お兄ちゃんと恋のライバル (04)
この聞き方ならおかしくないだろう。もしも優姫さんがお兄ちゃんの恋人だとしたら、優姫さんははぐらかすかもしれないけど、顔には出るはずだ。
「いないよ」
即答された。優姫さんの口調から、実際にいないのだとわかる。ちょっとほっとした。
「な、なんだ、彼女いないんだ。しょーがないな、お兄ちゃんは。じゃあ、チョコレートももらえないんだろうな。かわいそうな兄のために、今年もかわいい妹がチョコをあげるとしますか」
そういってあたしたちは笑いあった。
「まあ、直人くんが義理でないチョコをいくつもらえるかはビミョーだけど、今年は少なくとも一個はもらえるよ。わたしがあげるもん」
優姫さんは、えっへん、と胸を張った。
あたしは自分の笑顔が凍りつくのを感じた。それって、お兄ちゃんに本命チョコを渡すってことですか。幼なじみの美少女から告白されて二人はカップルに……。そんなアニメのような恋物語がこんな身近にあったとは。

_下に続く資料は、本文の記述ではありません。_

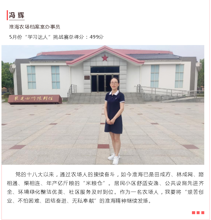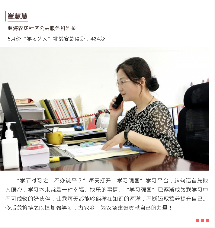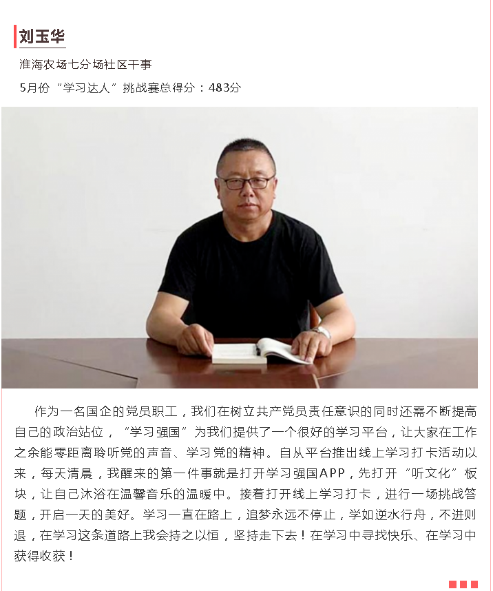为充分展示“学习达人”风采,根据射阳县“强国复兴有我”群众性主题宣传教育活动安排,射阳宣传推出“访学习达人看家乡变化”主题寻访万里行活动第一期,在全县5月份最厉害的11名“学习达人”中,淮海的“学习达人”冯辉、陈祥、崔慧慧、刘玉华跻身其中,让我们一起来听听淮海的“学习达人”们在工作中、生活上的心得感悟吧!图为淮海学员“学习达人”们的心声感悟。
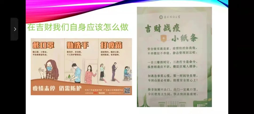 团课伊始,主讲人向同学们讲述了当前我省的疫情状况,阐明严格防控的意义,按照学校的部署,提出疫情防控的相关要求。随后,主讲人呼吁同学们,作为新时代新青年要有担当和勇气,同学们要在保证个人健康的前提下,积极承担相应的责任,用自己的实际行动传递抗疫正能量,在这场疫情攻坚战中展现青年担当,共同维护安全文明的校园。
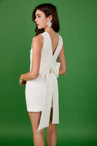 Get ready to turn heads in the playful Mary Dress! With its mini length and V neckline, this dress flatters your silhouette while the back bow adds a touch of whimsy. Perfect for a night out or special occasion, it's sleeveless and lined for maximum comfort.
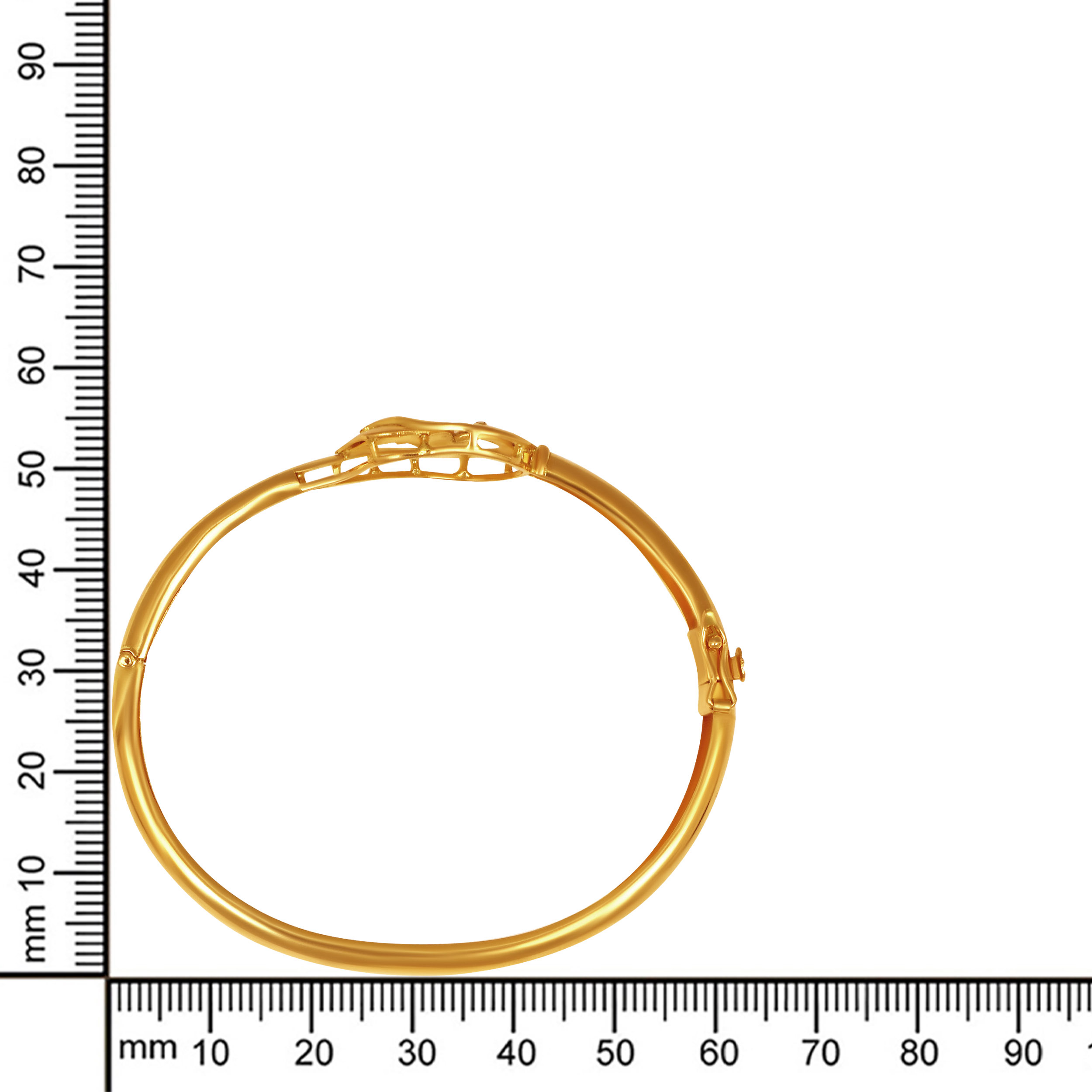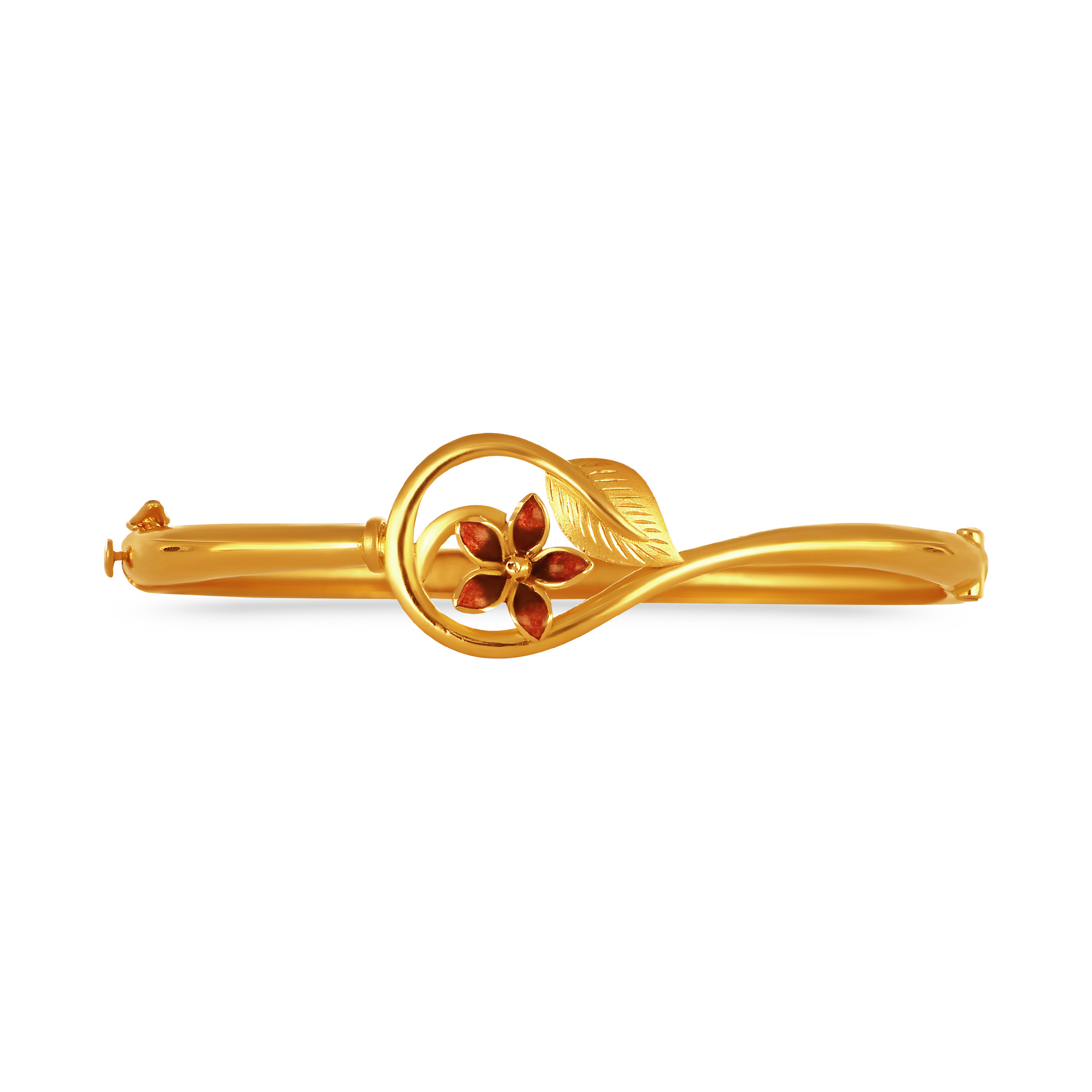 Add a touch of vibrant elegance with this 22K yellow gold chur, featuring a floral motif adorned with intricate red and gold meenakari petals. The polished band ensures a comfortable fit, perfect for special occasions. A beautiful blend of traditional craftsmanship and contemporary design.

ていうか、あたしぜんぜん勝ち目ないんですけど。いや、妹だという究極のハンデがなかったとしても、優姫さんが恋のライバルじゃとても太刀打ちできないよ。
「でも、どうせフラれるんだけどねー。あっはっはっ」
優姫さんはまた笑い声をあげた。
そんなハズはないだろう。優姫さんは美人で明るくて優しくて、こういうのは癪だが、優姫さんがお兄ちゃんの恋人だったら、あたしはおとなしく身を引いてもいいと思い始めていたのだ。ひょっとしたらそれは叶わぬ恋をあきらめる口実にしたかっただけなのかもしれないけど。
結局あたしは妹なんだ。
お兄ちゃんの彼女になんてなれるはずがない。
手作りチョコなんて、もうやめようかな。
「あ、直人くんだ。おーい、な、お、と、くーん!」
優姫さんの声で我に返った。優姫さんは右手をいっぱいに伸ばして軽く跳びはねながら、お兄ちゃんに手を振っている。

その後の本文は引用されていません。